The deviation between the original BAS and the ground truth is 0.06m at the highest, with a mean deviation of 0.0007m. However, high deviations are generated by the updated BAS, with a maximum of 0.18m and an average deviation of 0.01m. As the vessel is approaching the quay wall, the angle between the sensor and the vessel gets smaller, reducing the point density. Thus, the maximum point spacing should be increased to better detect small ships. Considering that the maximum value is above the maximum defined deviation of 0.1m, the accuracy requirements cannot be met for the updated BAS.

Figure 12 shows the results of the latency measurement. For the original BAS, a minimum value of 3.48ms and a maximum value of 31.15ms were measured. The average latency is 9.62ms. Similar values are generated by the updated version. The minimum latency is 3.74ms and the maximum latency is 31.4ms. An average value of 10.15ms is determined here. The measurements suggest that the latency increased due to the update, as the computational complexity increased. However, these are still below the repetition rate of the sensors, which transfer measurements every 200ms, so that the requirements regarding the latency behavior can be met. The change in the measured run times and distance measurements can be attributed to the new calculation basis introduced by the update. The accuracy of the measurement therefore requires a revision of the algorithm. Regarding the latencies, the runtime monitor also enables the detection of faulty hardware or at the interfaces of the module.

5 Conclusion

The evaluation of the functional update of a practically applied LiDAR-based BAS [53] shows that the steps developed in the development process can be implemented using real-world SuTs. The requirements for the berthing system can be transferred from the catalog of specifications of IMO Resolution A.915 [54], which sets the minimum requirements for GNSS. These include the accuracy of positioning for automated berthing maneuvers of less than 0.1m. In addition, technical specifications of the existing system, such as a 5HZ frequency rate of the LiDAR sensor, set time limits that must continue to be adhered to after the update. This meant that both regulatory and technical requirements could be transferred to the VD in a structured manner in order to be contractually recorded in the further course and checked for compliance using generated scenarios. The measurements and comparison of the accuracy and time behavior of the original and updated SuT show both a breach of contract in terms of accuracy and compliance with the contractual specifications in terms of time requirements. This shows that the presented development process enables the structured measurement of test specifications from unstructured external sources. In addition, it could be shown that tests can be made more reliable, as requirement catalogs are structured in a measurable and formal way and thus compliance and breach of contract can be determined during an update using repeatable tests based on a defined rule set. The unreliable accuracy with a deviation of \(> 0.1m\) was determined and the update rejected before deployment. Since contract-based design also enables the consistency check of the integrated construct the specifications of the components of the SuT, the comparison of the original contract model and the contracts modified by the update can also be checked for correctness. Using monitors at runtime, compliance with the rules could also be realized during operation, thus further increasing the reliability of the approved system.

6 Outlook and discussion

In this work a development approach is demonstrated that integrates scenario-based verification with formal test capabilities based on assumption-guarantee contracts. The process explicitly takes future change management, such as updates to the initial system, into account. As such, the assessor of the system, e.g., the classification society responsible in providing release approval, can re-run existing scenarios and test procedures and can track changes made to safety-relevant aspects based on the previously defined scenario and contract specifications.

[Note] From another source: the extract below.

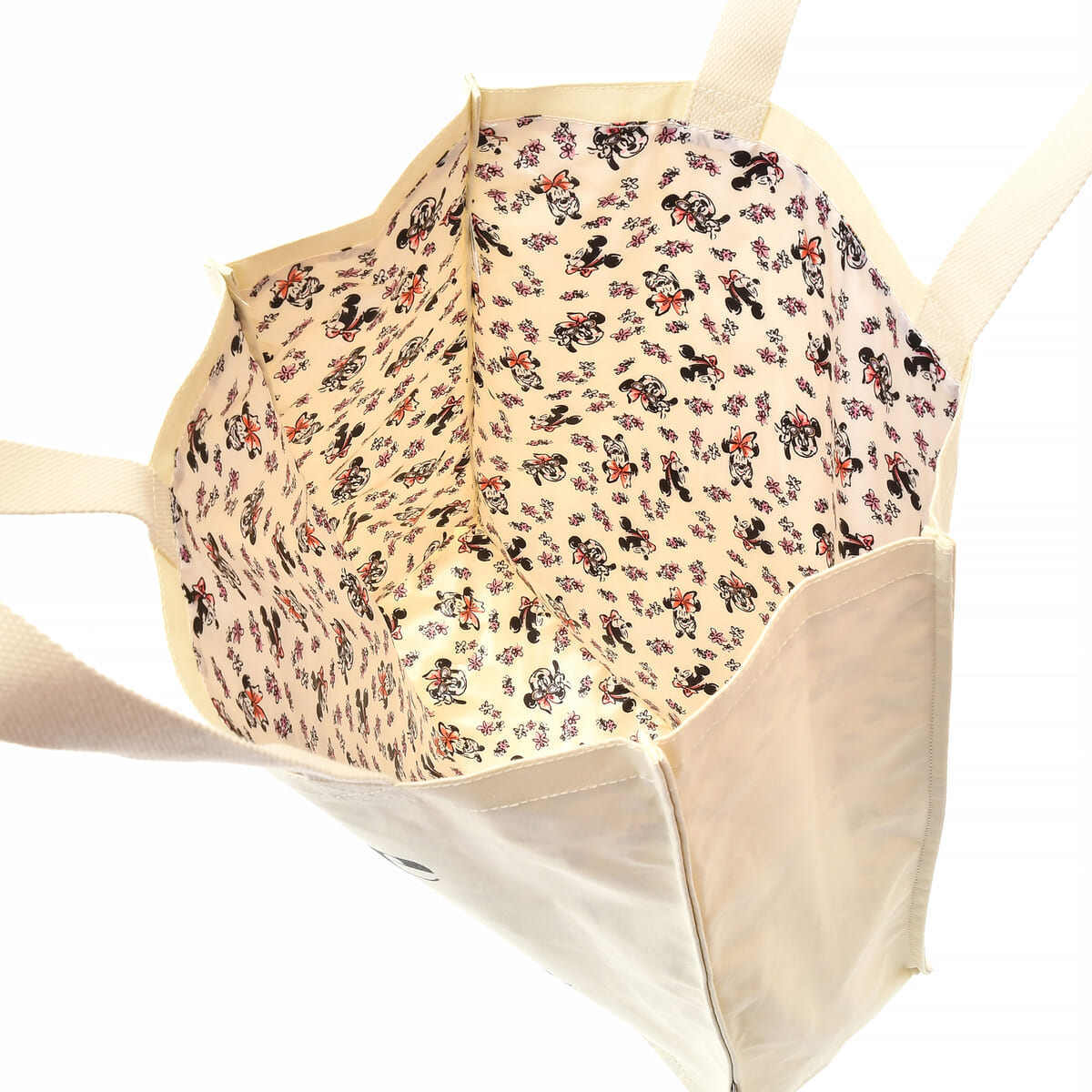 内生地は「ミニーマウス」が総柄でデザインされた、ロマンティックなプリント柄。

The approach presented shows how unstructured requirement texts written in natural language can be transferred into a structured test procedure that extends over all phases of the development process. The introduced VD provides a bridge to build delimitable scenario cases as well as formalized and contractually verifiable requirement descriptions. The VD integrates all external requirements and regulations and can be used by the subsequent development branches. By that it helps to reduce information asymmetries between software development departments and system testers and, in the event of non-compliance, directly shows which parts have not been met.

With the focus of the development process towards changes to the overall system composition, it is also shown how feedback loops can be used to reduce re-verification effort in case of an update. The process does not have to be completely rolled out again in every case but can also be resumed at intermediate steps. Furthermore, not all development branches are always affected and existing parts can be reused. This avoids unnecessary repetition of work and streamlines the process, enabling a faster response to urgent updates. The feedback loops and the linkage of process artifacts also allow the affected area to be targeted directly when errors are identified in system development, without necessarily addressing all branches.

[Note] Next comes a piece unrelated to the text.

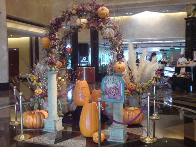 ホテル入口には、ハロウィンのディスプレイがありました。

Overall, the development areas can thus work in parallel based on a common specification construct in the form of the VD, without all branches having to stop work in the event of breaks in one part of the overall development process. In addition, the introduction of contract-based VITs means that system analyses can be performed even before a component has been fully developed. After completion, software tests and contract-based monitoring can additionally underline the functional capability of a component.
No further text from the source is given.